In my imagination, I am the perfect teacher: knowledgeable, patient, fun. My children are the perfect students: eager to learn, capable, never have to be told twice. We sit together at our backyard table (for some reason, my idealized homeschool vision always has us outside in perfect weather), and we are joyfully engaged in whole-family learning.
Everyone — even the baby — is hanging avidly to every well-chosen word that drops from my smiling (always smiling) mouth. I give a well-received lecture or reading, and then we act out some major historical event. I am secure in the knowledge that my children will always remember everything we’ve learned, because of all the fun we had learning and acting it out.

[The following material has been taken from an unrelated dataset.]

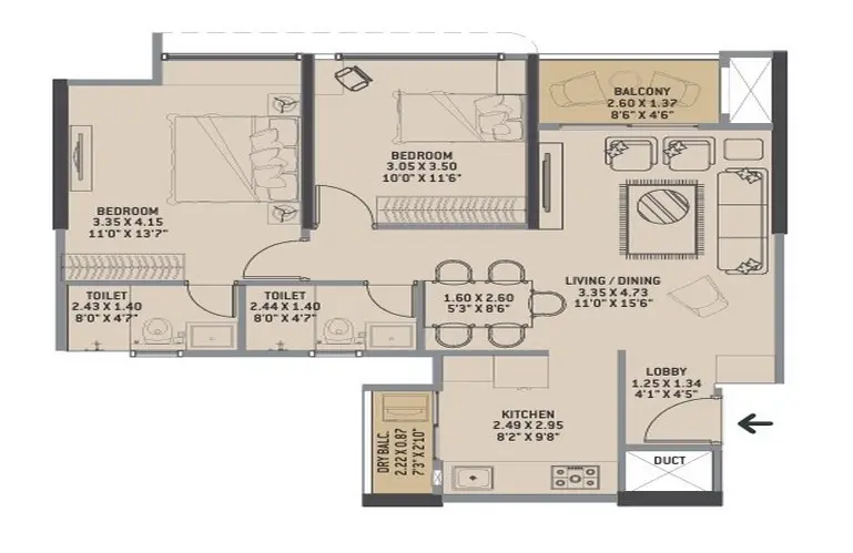 Elegant 2, 3 & 4 BHK premium residences with Simplex & Duplex options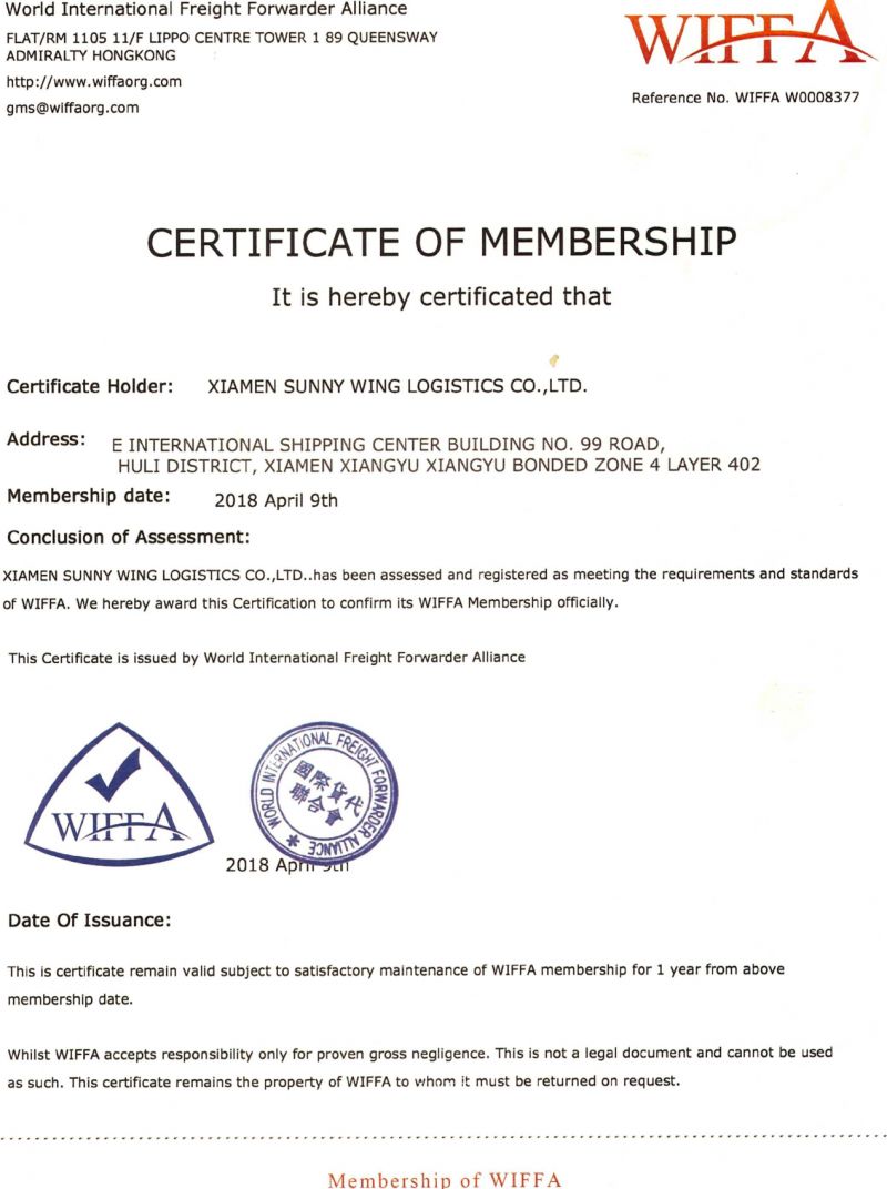 2018年4月9日,我司正式加入了国际货代联合会,成为WIFFA会员。

In reality, it is never (NEVER) like this. We do homeschool outside sometimes, but the wind blows our papers
around (somehow, there is no wind in my imagination). In reality, I am juggling the baby on one hip, struggling (and usually failing) to capture the attention of my middles, and never able to go far enough, fast enough for my eldest.
The reality is that it is a real challenge to homeschool with little ones. A grueling battle, engaged in daily — with results that are barely discernable in the day-to-day, but which, over time, really do come to fruition. These are the three most important things that I have discovered over the past few years of homeschooling.
1. Plan for Short Terms
Forget the year plan, the semester plan, and even the term plan. Think shorter. Little ones go through different stages quickly — and you need to readjust your schedules and plans accordingly.
The newborn who sleeps and nurses all day actually gives you a lot of time to focus on sit-down school with your bigger ones. Learning to read, for example, can take place cuddled on the couch together while you breastfeed the baby. More active work can be saved for those long naptimes.
But within a couple of months, that newborn has turned into a big baby who may have his own opinion about naptime — and you may find that you need to adjust your schedule around baby. Similarly, there is a time when a toddler begins to take shorter or less consistent naps, and you may need to do some tweaking of the schedule to accommodate this.
Plan for short terms, maybe monthly or bimonthly. It is much less discouraging when you’ve planned to adjust for a change in baby-schedule. If you’ve planned for it, it is not a failure in your schedule, but something you have expected to happen.
2. Plan Classes for Your Big Ones to Teach the Little Ones
Do you have a certain class that’s hard to get done with the little ones around? Perhaps your eldest child really needs some help — and quiet — during Math. Or maybe the middlest needs some extra quiet during spelling. This is a great way to get your older children to help you with the younger — happily!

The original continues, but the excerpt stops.